Reform UK has announced a £100 million ‘round-the-clock’ security plan for Members of Parliament following the death of party spokeswoman Ann Widdecombe in a targeted attack. The proposal includes armed protection, surveillance systems, and dedicated security protocols. Meanwhile, the government’s catastrophe recovery fund for affected members of the public sits at £5 million.

The math here is not subtle. MPs get £20 million per person in protective measures. The public gets enough to buy everyone a cup of tea and call it crisis management. The announcement came wrapped in the language of duty and safety—protecting those who serve the nation. What it actually protects is the idea that some lives cost more to keep safe than others.
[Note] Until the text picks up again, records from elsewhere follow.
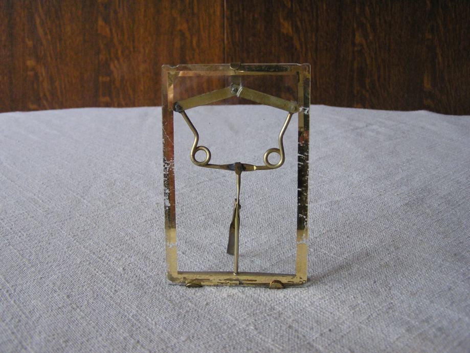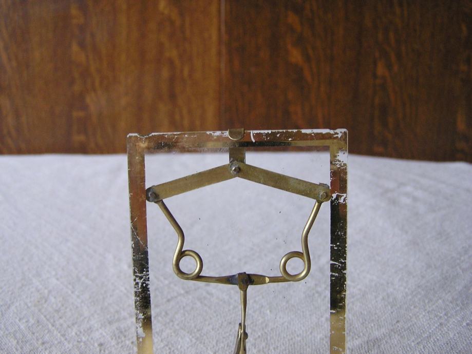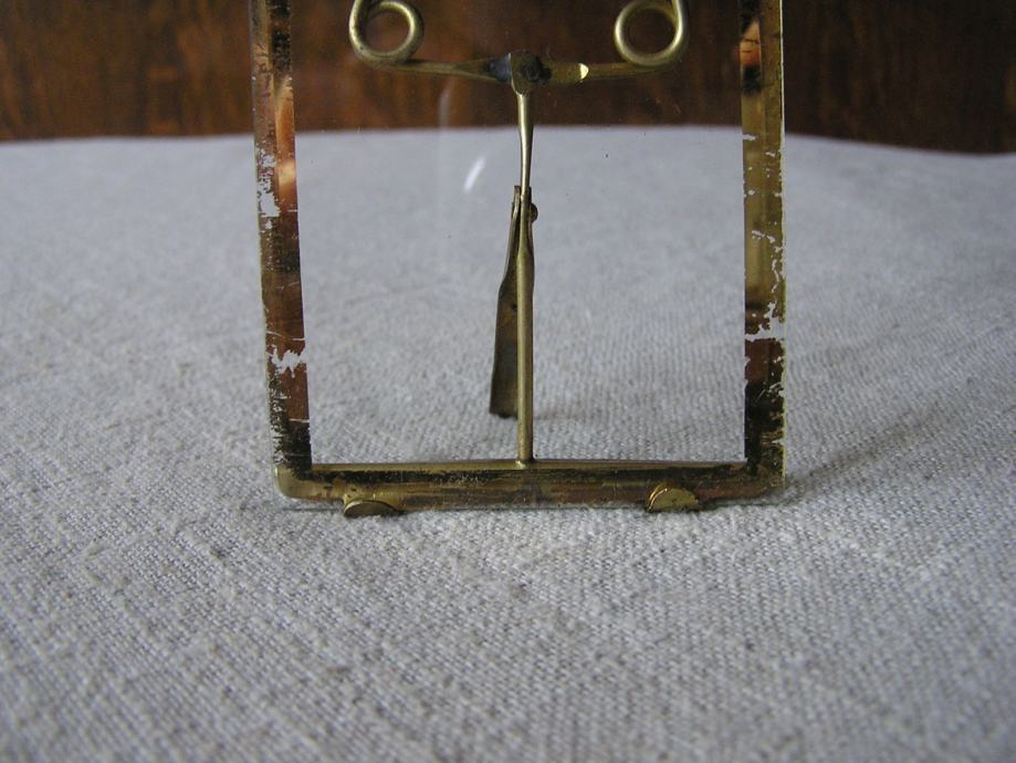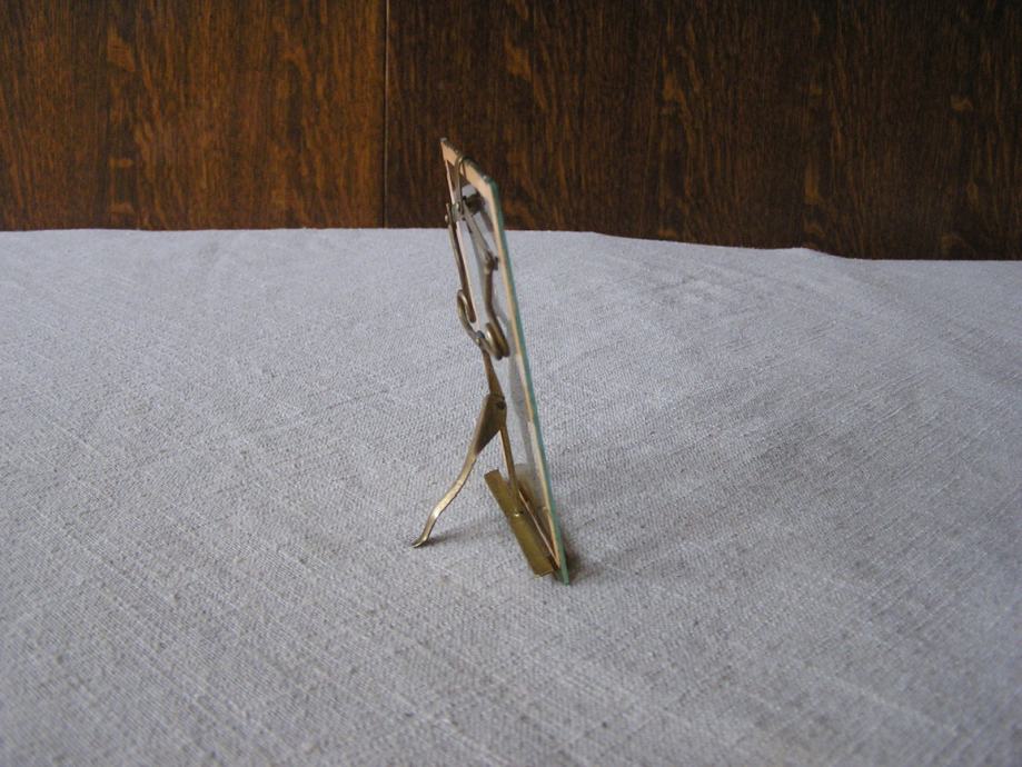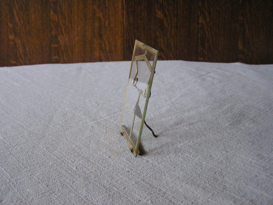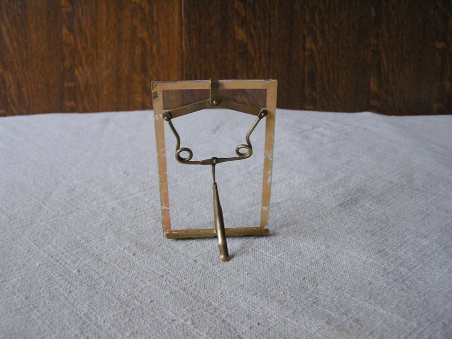 Manji mesingani okvir, držač za staklo ispod kojeg ide slika ili fotografija. Držač je sklopiv, no nema alku za objesiti na zid, pa je samo stolni. Star je oko 100 godina, no sve je u dobrom stanju osim zlatnog ruba na staklu koji se može popraviti. Sve je vidljivo na slikama. Mesing nije čišćen, pa ima nešto prirodne patine koja se može očistiti ako netko želi.
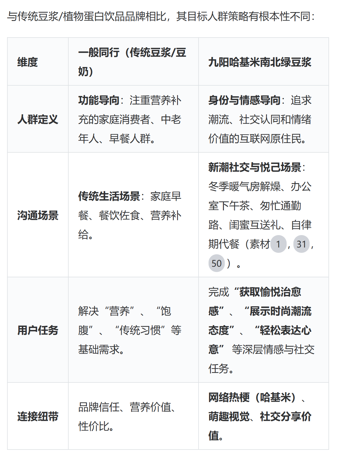 但有个很好的例子,元气森林靠日系无糖聚焦年轻减脂人群,从小众火到大众;同样,九阳靠哈基米梗锁定Z世代,也实现了圈层渗透。
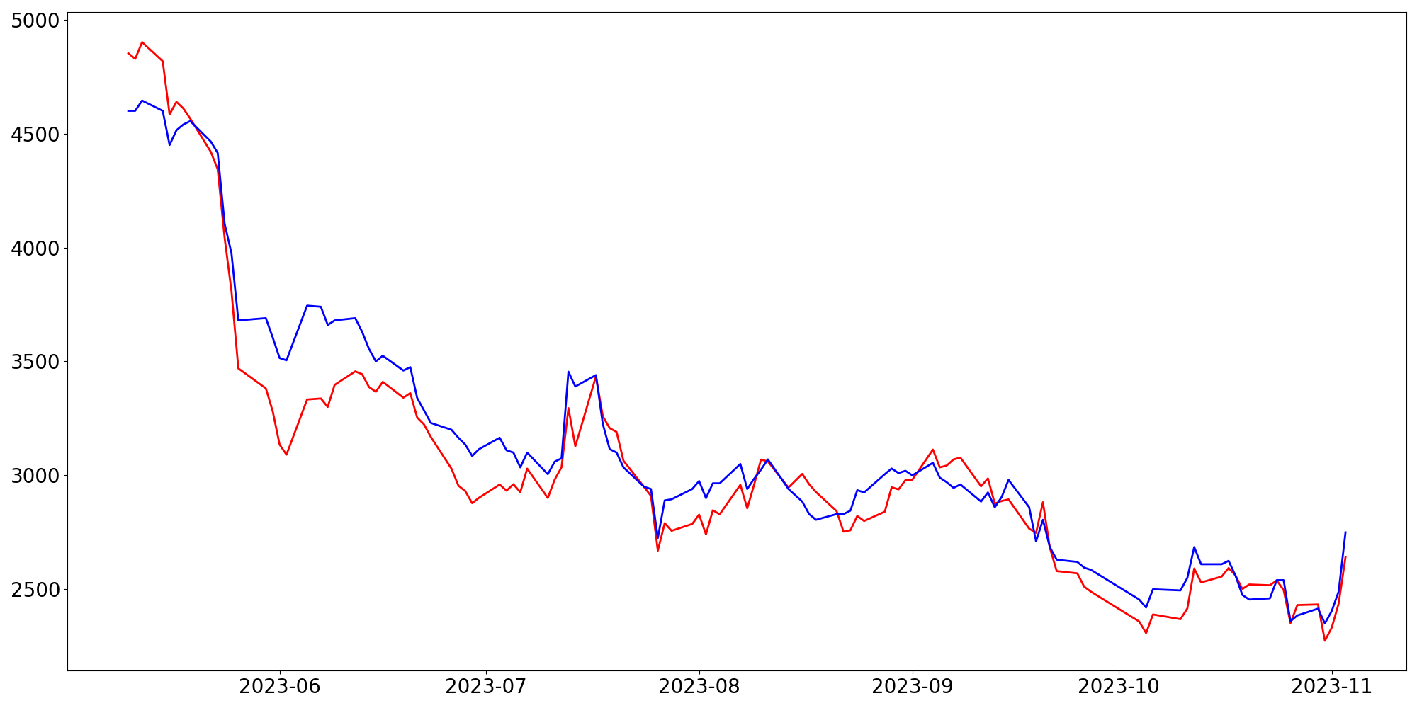 [ - : 실제값(종가) / - : 예측값(종가) ]
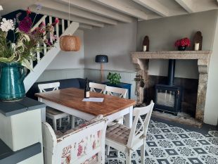 Aan de andere kant van het huis bevindt zich de woonkamer met indrukwekkende oude balken en een grote zandstenen schouw. De ruimte is ingericht met een comfortabele zithoek met televisie. Een grote tafel leent zich voor chic dineren maar er kan ook prima aan geknutseld worden.
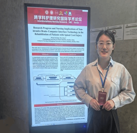 王雪宁的研究论文《Research Progress and Nursing Implications of Non-invasive Brain–Computer Interface Technology in the Rehabilitation of Patients with Spinal Cord Injury》入选壁报交流,该研究探讨非侵入性脑机接口技术在脊髓损伤患者康复中的应用。
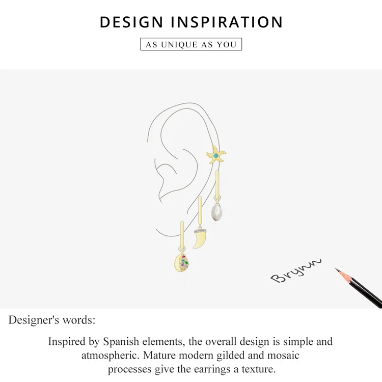 ❤【Specification smooth плавные линии Контурные красивые формы, украшенные настоящим золотом и цирконом, мастерство и модное выражение, показывая уникальную и очаровательную испанскую культура.
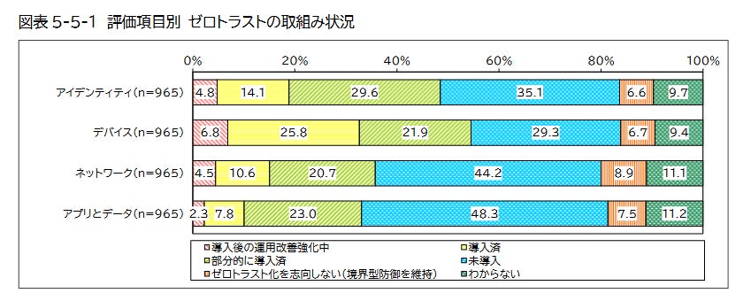 ゼロトラスト市場は急成長を遂げており、企業の30%以上がゼロトラストへの取り組みを進めていると報告されています。しかし、「部分的に導入済み」や「未導入」の企業も依然として多く、市場規模としては50〜70%の成長余地が残されています。

Police confirmed Widdecombe’s death was a targeted attack, which triggered the security proposal within days. The public has been experiencing targeted attacks for decades. Knife crime. Gang violence. Domestic abuse. The response has been budget cuts to local policing and a five-quid fund that couldn’t secure a single street corner. But MPs need round-the-clock armed protection because one politician died, and that death was shocking enough to warrant immediate action and nine figures.

Reform UK’s proposal treats parliamentary security like a startup funding round—throw money at it until the problem disappears from the news cycle. The public’s safety problem, by contrast, is treated like a feature request that got closed as ‘working as intended.’ No amount of satire makes the contrast funnier than the actual policy.